I'm struggling with one of my matlab assignments. I want to create 10 different models. Each of them is based on the same original array of dimensions 1x100 m_est. Then with for loop I am choosing 5 random values from the original model and want to add the same random value to each of them. The cycle repeats 10 times chosing different values each time and adding different random number. Here is a part of my code:
steps=10;
for s=1:steps
for i=1:1:5
rl(s,i)=m_est(randi(numel(m_est)));
rl_nr(s,i)=find(rl(s,i)==m_est);
a=-1;
b=1;
r(s)=(b-a)*rand(1,1)+a;
end
pert_layers(s,:)=rl(s,:)+r(s);
M=repmat(m_est',s,1);
end
for k=steps
for m=1:1:5
M_pert=M;
M_pert(1:k,rl_nr(k,1:m))=pert_layers(1:k,1:m);
end
end
In matrix M I am storing 10 initial models and want to replace the random numbers with indices from rl_nr matrix into those stored in pert_layers matrix. However, the last loop responsible for assigning values from pert_layers to rl_nr indices does not work properly.
Does anyone know how to solve this?
Best regards
Your code uses a lot of loops and in this particular circumstance, it's quite inefficient. It's better if you actually vectorize your code. As such, let me go through your problem description one point at a time and let's code up each part (if applicable):
I want to create 10 different models. Each of them is based on the same original array of dimensions 1x100 m_est.

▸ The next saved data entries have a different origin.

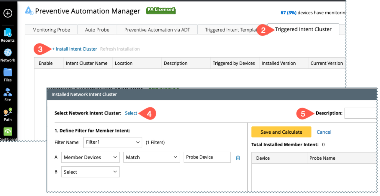 - Click +Install Intent Cluster and the window Installed Network Intent Cluster will appear on screen.
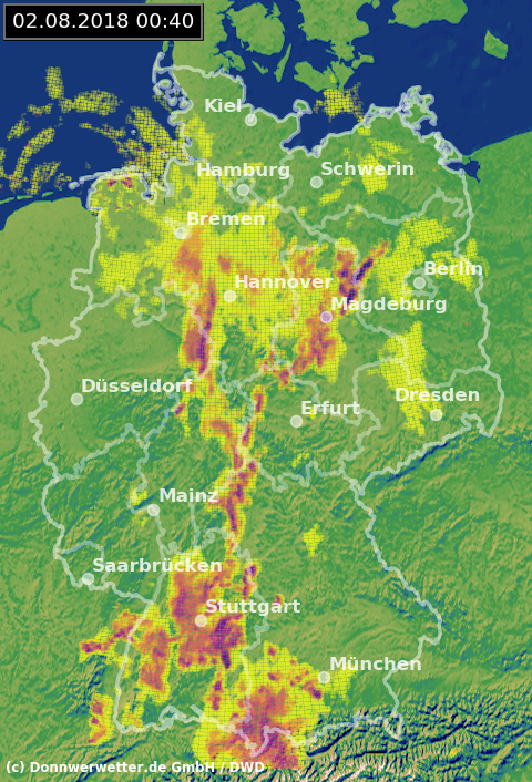 Heute tagsüber bilden sich hauptsächlich in der Südosthälfte in schwül-heißer Luftmasse einige teils heftige Regengüsse und Gewitter. Die Niederschlagsmengen können dabei auf engstem Raum wieder sehr unterschiedlich ausfallen. Vereinzelt sind mehr als 25 Liter pro Quadratmeter zu erwarten.
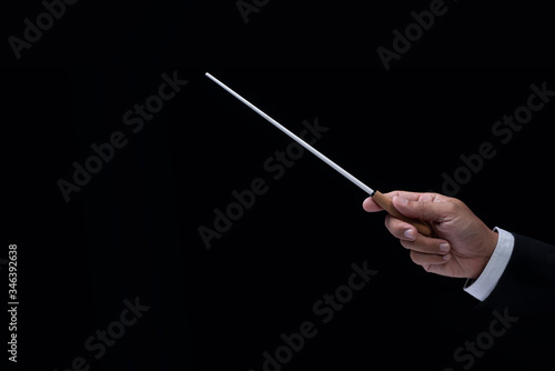 Orchestra conductor hands baton. Hands of conductor holding stick on a black background

I'm interpreting this as you having an array m_est of 100 elements, and with this array, you wish to create 10 different "models", where each model is 5 elements sampled from m_est. rl will store these values from m_est while rl_nr will store the indices / locations of where these values originated from. Also, for each model, you wish to add a random value to every element that is part of this model.
Then with for loop I am choosing 5 random values from the original model and want to add the same random value to each of them.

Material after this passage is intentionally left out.